Steinberger and his classmates have been watching the battle play out, trying to figure out what this means for the stock market.
Some hedge funds have already lost billions.
“It's kind of hard to tell where this is going to go in the long term effects of this. Currently, it's messing with a couple of different trading platforms,” Steinberger said.
Thursday, Robinhood restricted the trading of GameStop and other stocks. Soon after, it was hit with a class-action lawsuit claiming it was manipulating the open market.
Can the GameStop short-squeeze affect your personal finances?
Beverly said this situation won’t have a huge financial effect on the population at large, but it's a good idea to check your retirement accounts, like a 401(k) or a 403(b), to see if there are any holdings in companies affected by the short-squeeze.
“A lot of times you'll have mutual funds or exchange-traded funds where you may want to go in and see if the holdings - if GameStop and AMC is another one - these are holdings within your funds just to get an idea of if you have some exposure to them,” Beverly said.

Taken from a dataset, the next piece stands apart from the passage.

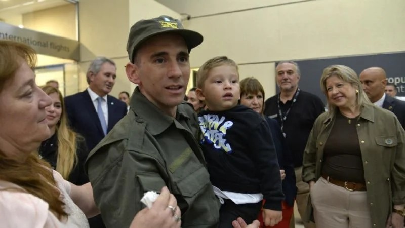 El gendarme recientemente liberado por el Gobierno venezolano, regresó al país y se reencontró con su esposa, María Alexandra Gómez, y su hijo Víctor, en el Aeropuerto Internacional de Ezeiza.

“You can go into the fund's prospectus and read up and see what the holdings are. You can see if GameStop or, you know, one of these companies was one of the companies that you actually have a position to see what your exposure might be,” Beverly said.
Beverly said a drop in price for one of those stocks could affect your accounts, but only to the extent of the amount of holdings you have in a particular company, like GameStop.
“So if you're invested in a fund and it has a 10% stake or 10% allocation to GameStop, and now you have $100,000 dollars in that fund and that essentially means you have $10,000 in GameStop. So that would be your exposure to GameStop,” Beverly said.
“You can go in and look and look at the funds and documents, and see what those holdings are, at least as of now, the most recent period for when they have to release their statements. That's something you can pretty readily go look up and do research on and then you can see how it might affect you personally,” Beverly said.
Should you invest yourself?
As that situation continues to change day by day, Beverly is warning people to be smart with their investments.
“Tread very carefully and do your due diligence, because there's going to be very wild market movements,” Beverly said. “I think GameStop is down 50% or 30%. It's been bouncing all up and down the charts the past several days. So you'd have to trade with a lot of caution if you want to participate in those particular stocks.”
Harmon said most would do well to avoid the market while it's so volatile.
"If you're an average investor that doesn't have the time to sit at your screen and trade every 10 seconds, you should probably just avoid it and stick with the indexes or stick with the big dividend-paying stocks or whatever it is that is your philosophy," he said. "And just avoid the latest craze. It'll be gone in a few days."
If you're already invested, or still considering jumping in, Harmon has some more words of caution.
"What I tell students and what I tell investors in my accounts is that you need to go into every trade with a plan," he said. "You can't just think that you're going to follow some guy on Reddit that says, 'Hey, let's use our diamond hands and go in and get GameStop and drive this to the moon and print a lot of rocket emojis on Reddit.' That's not a plan. Know why you're getting into any position, any stock that you're going to buy. I know why you wanted to know how long you want to be in it. I'm not talking about do you want to be in for six months or two years? But will you take profits at a specific price level or will you stop taking losses at a specific price level and trade according to that?"
The Securities and Exchange Commission and the White House said they’re monitoring the GameStop situation.